## Dataset excerpt
------------------------
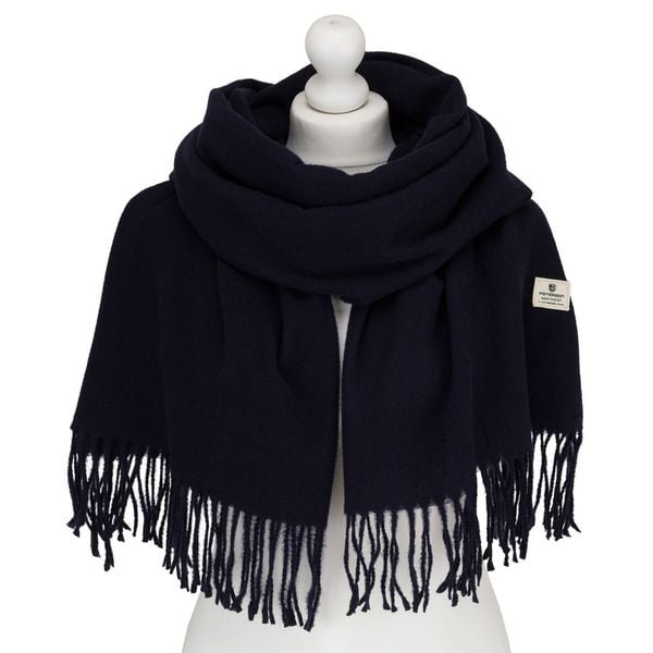 Granatowy szalik damski, dwustronny. Idealny na zimę, jesień i wiosenne chłody. Wykonany z wysokogatunkowego poliestru. Pasuje zarówno do eleganckiego płaszcza, jak i do casualowej kurtki. Szalik ze stylowymi frędzlami.
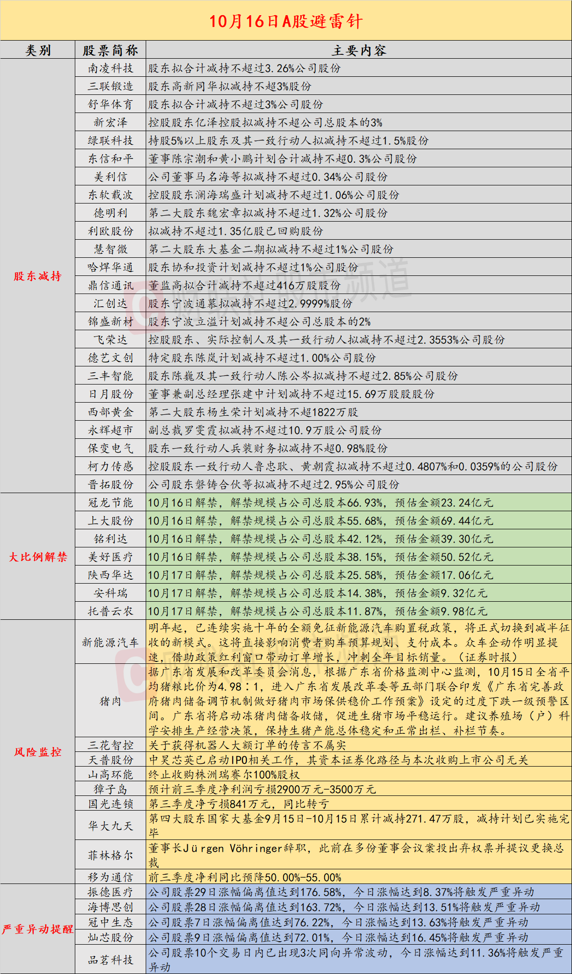 投资避雷针,近日,A股及海外市场潜在风险事件如下。国内经济信息方面包括:1)新能源汽车购置税明年退坡;2)广东省猪粮比价进入过度下跌一级预警区间;公司方面重点关注包括:1)三花智控公告,关于获得机器人大额订单的传言不属实;2)天普股份表示,中昊芯英已启动IPO相关工作,其资本证券化路径与本次收购上市公司无关;海外市场重点关注包括:1)美股三大指数收盘涨跌不一,稀土概念跌幅居前;2)全球公共债务占GDP的比重将创1948年以来新高。
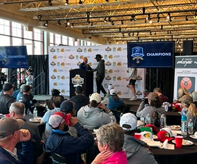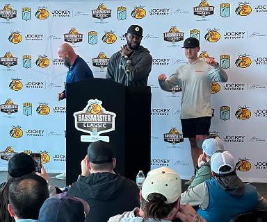 Patrick Queen at the 2023 Bassmaster Classic where I secured him over 10K worth of fishing gear.
------------------------
## Task goal
Print the material precisely as given, dropping any images it holds.

## Your solution
 Granatowy szalik damski, dwustronny. Idealny na zimę, jesień i wiosenne chłody. Wykonany z wysokogatunkowego poliestru. Pasuje zarówno do eleganckiego płaszcza, jak i do casualowej kurtki. Szalik ze stylowymi frędzlami.
 投资避雷针,近日,A股及海外市场潜在风险事件如下。国内经济信息方面包括:1)新能源汽车购置税明年退坡;2)广东省猪粮比价进入过度下跌一级预警区间;公司方面重点关注包括:1)三花智控公告,关于获得机器人大额订单的传言不属实;2)天普股份表示,中昊芯英已启动IPO相关工作,其资本证券化路径与本次收购上市公司无关;海外市场重点关注包括:1)美股三大指数收盘涨跌不一,稀土概念跌幅居前;2)全球公共债务占GDP的比重将创1948年以来新高。
 Patrick Queen at the 2023 Bassmaster Classic where I secured him over 10K worth of fishing gear.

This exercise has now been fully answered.